──────── Excerpted data ────────

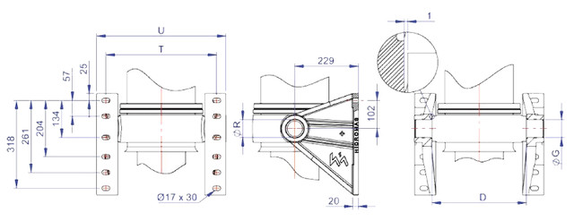 Верхнє кріплення праве Ø 65.8 Hidromas призначене для надійної фіксації гідроциліндрів типу 43135, 43155, 43175, 43197, 43220. Виріб має зносостійкість навіть у найсуворіших умовах. Відрізняється міцністю, стійкістю до перевантажень та оптимальною масою. Стандартний кронштейн забарвлений кольором RAL 1036 (золотистий).
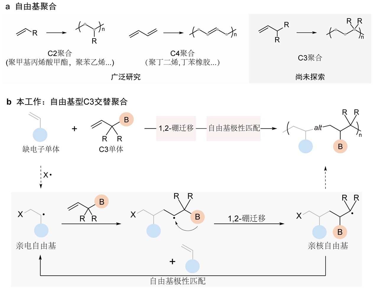 论文题目:Radical C3 alternating polymerization driven by 1,2-boryl migration via radical polarity matching
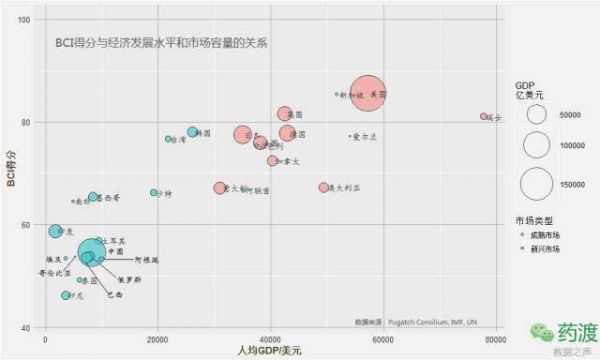 值得一提的是由于成熟市场国家和新兴市场国家的评分标准稍有不同,如果按照同一标准,新兴市场国家的评分会略微降低。为了更直观表现BCI评分排行,以及其是否与各国的经济发展水平和市场容量有什么关系,我们不妨拿这个评分数据做一张气泡图,以人均GDP作为考量各国经济发展水平的指标,以总GDP作为市场容量的指标,把这些数据放在一起直表现出来。
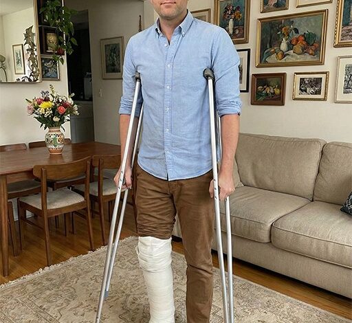 His right leg was wrapped in a thick white cast from just below the knee to his ankle. The crutches leaned awkwardly under his arms. He looked pale, rumpled, and exhausted.
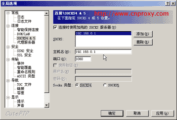 在左邊的設置快捷工具欄中選擇“連接”→“SOCKS4 & 5”可以設置Socks代理。
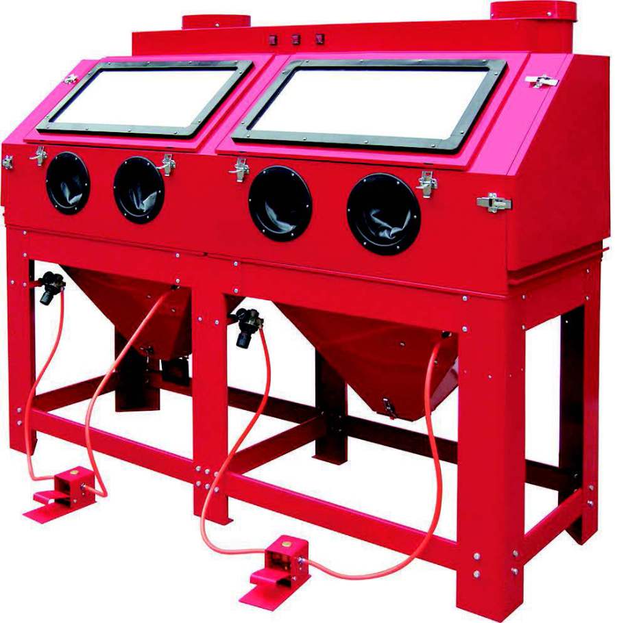 provista de sistema de aspiración y dos pistolas independientes que pueden trabajar simultáneamente con diferentes tipos de abrasivos con su propia bandeja y sistema de drenaje así
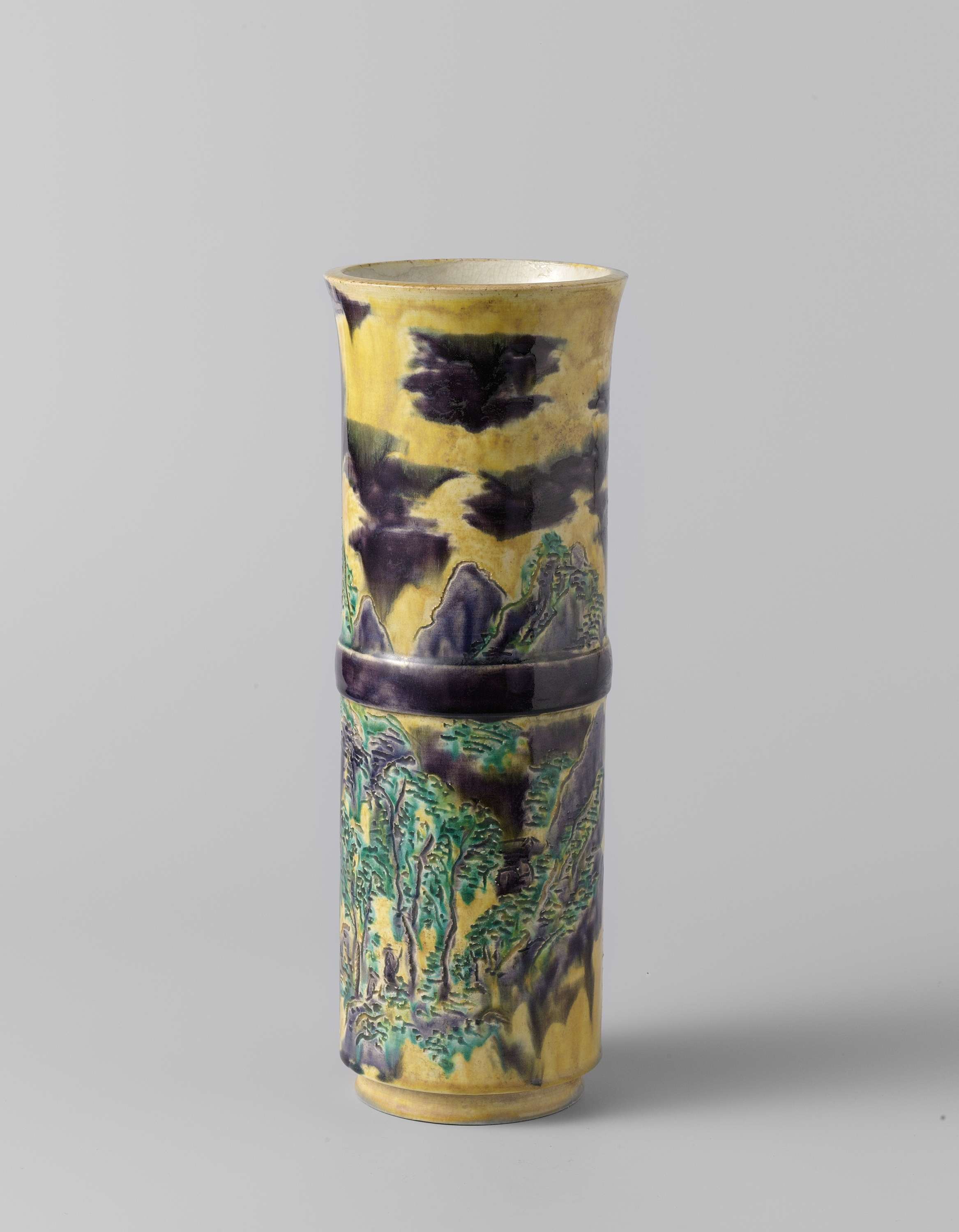 Cilindrische vaas van steengoed, iets uitlopend naar de rand en met een ringvormige verdikking. Beschilderd op het glazuur in groen, geel en paars. De vaas is door de verdikking verdeeld in twee delen met in elk een ingegrift landschap met figuren, bomen en bergen in Nanga-stijl. Gemerkt op de wand. In de voetring concentrische cirkels in reliëf. (Nederlands)
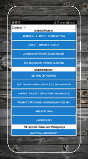Context 1: This section contains basic intro and learning components of android development and understanding how android development actually works. It also has necessary useful information about IDE for developing android applications and it's components. Concepts covered theoratically in this section are-
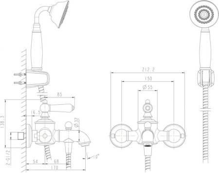 смеситель, лейка, шланг, держатель лейки, эксцентрики, декоративные чашки |

────────

#### To do:
Would you please output only the lines from the start of the material above up to and including the line with "provista de sistema", exactly as they appear and without pictures?

#### Response area:
 Верхнє кріплення праве Ø 65.8 Hidromas призначене для надійної фіксації гідроциліндрів типу 43135, 43155, 43175, 43197, 43220. Виріб має зносостійкість навіть у найсуворіших умовах. Відрізняється міцністю, стійкістю до перевантажень та оптимальною масою. Стандартний кронштейн забарвлений кольором RAL 1036 (золотистий).
 论文题目:Radical C3 alternating polymerization driven by 1,2-boryl migration via radical polarity matching
 值得一提的是由于成熟市场国家和新兴市场国家的评分标准稍有不同,如果按照同一标准,新兴市场国家的评分会略微降低。为了更直观表现BCI评分排行,以及其是否与各国的经济发展水平和市场容量有什么关系,我们不妨拿这个评分数据做一张气泡图,以人均GDP作为考量各国经济发展水平的指标,以总GDP作为市场容量的指标,把这些数据放在一起直表现出来。
 His right leg was wrapped in a thick white cast from just below the knee to his ankle. The crutches leaned awkwardly under his arms. He looked pale, rumpled, and exhausted.
 在左邊的設置快捷工具欄中選擇“連接”→“SOCKS4 & 5”可以設置Socks代理。
 provista de sistema de aspiración y dos pistolas independientes que pueden trabajar simultáneamente con diferentes tipos de abrasivos con su propia bandeja y sistema de drenaje así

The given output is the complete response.